The audio signal processing apparatus may calculate a distance between each render item (RI) and a listener in the stage of distance and interpolate a distance between update routine calls of an object audio stream based on a constant-velocity model. The RI may refer to all audio elements in the renderer pipeline.

The audio signal processing apparatus may apply the propagation delay to a signal associated with the RI in order to obtain physically accurate delay and the Doppler effect.

The audio signal processing apparatus may apply distance attenuation to model frequency-independent attenuation of an audio element due to geometric spread of source energy. The audio signal processing apparatus may use a model considering a level of a sound source, for the distance attenuation of a geometrically extended sound source.

The audio signal processing apparatus may apply the medium absorption to the object audio by modeling frequency-dependent attenuation of an audio element associated with air absorption characteristics.

The audio signal processing apparatus may determine the gain of the object audio by applying the distance attenuation according to the distance between the object audio and the listener. The audio signal processing apparatus may apply the distance attenuation due to geometric spread by using a parametric model considering the level of a sound source.

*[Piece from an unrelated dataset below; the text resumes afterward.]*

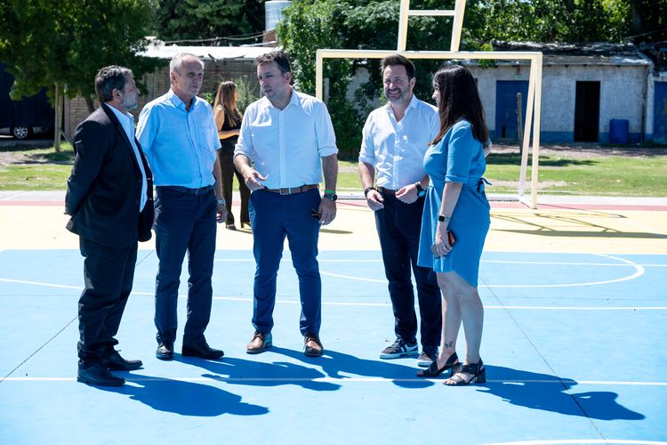 El recorrido en San Martín también tuvo como destino la escuela 1-581 Martín Fierro, ubicada en el barrio San Pedro. En ese establecimiento educativo, el titular de la DGE, junto al intendente, observó las obras del nuevo playón deportivo, que beneficiará a más de 400 estudiantes que asisten a la institución. Las tareas en acuerdo con el Municipio incluye la colocación de arcos de fútbol, otros elementos deportivos y la tela de media sombra.

When the audio is reproduced in a 6DoF environment, a sound level of the object audio may vary depending on the distance, and the level of the object audio may be determined according to the 1/r law in which the level decreases in inverse proportion to the distance. For example, the audio signal processing apparatus may determine the level of the object audio according to the 1/r law in a region where the distance between the object audio and the listener is more than a minimum distance and less than a maximum distance. The minimum distance and the maximum distance may refer to distances set to apply the attenuation according to the distance, the propagation delay, and an air absorption effect.

For example, the audio signal processing apparatus may identify a position of the listener (e.g., three-dimensional (3D) space information), a position of the object audio (e.g., 3D space information), a speed of the object audio, and the like by using metadata. The audio signal processing apparatus may calculate a distance between the listener and the object audio by using the position of the listener and the position of the object audio.

The level of an audio signal delivered to the listener varies depending on the distance between an audio source (e.g., the position of the object audio) and the listener. For example, in general, the level of a sound delivered to the listener at a distance of 2 meters (m) from the audio source is smaller than the level of a sound delivered to the listener at a distance of 1 m. In a free field environment, a sound level decreases at a ratio of 1/r (here, r is a distance between the object audio and the listener). If the distance between a source and the listener doubles, the level of the sound heard by the listener decreases by approximately 6 decibel (dB).

The law of attenuation of the level of a sound with respect to the distance may be applied to a 6DoF VR environment. The audio signal processing apparatus may use a method of reducing the level of one object audio signal, when it is far from the listener, and increasing the level thereof, when it becomes close to the listener.

For example, it is assumed that a sound pressure level of a sound heard by the listener is 0 dB when the listener is 1 m away from the audio object. If the listener is 2 m away from the object, a change of the sound pressure level to −6 dB may make the listener feel that the sound pressure naturally decreases.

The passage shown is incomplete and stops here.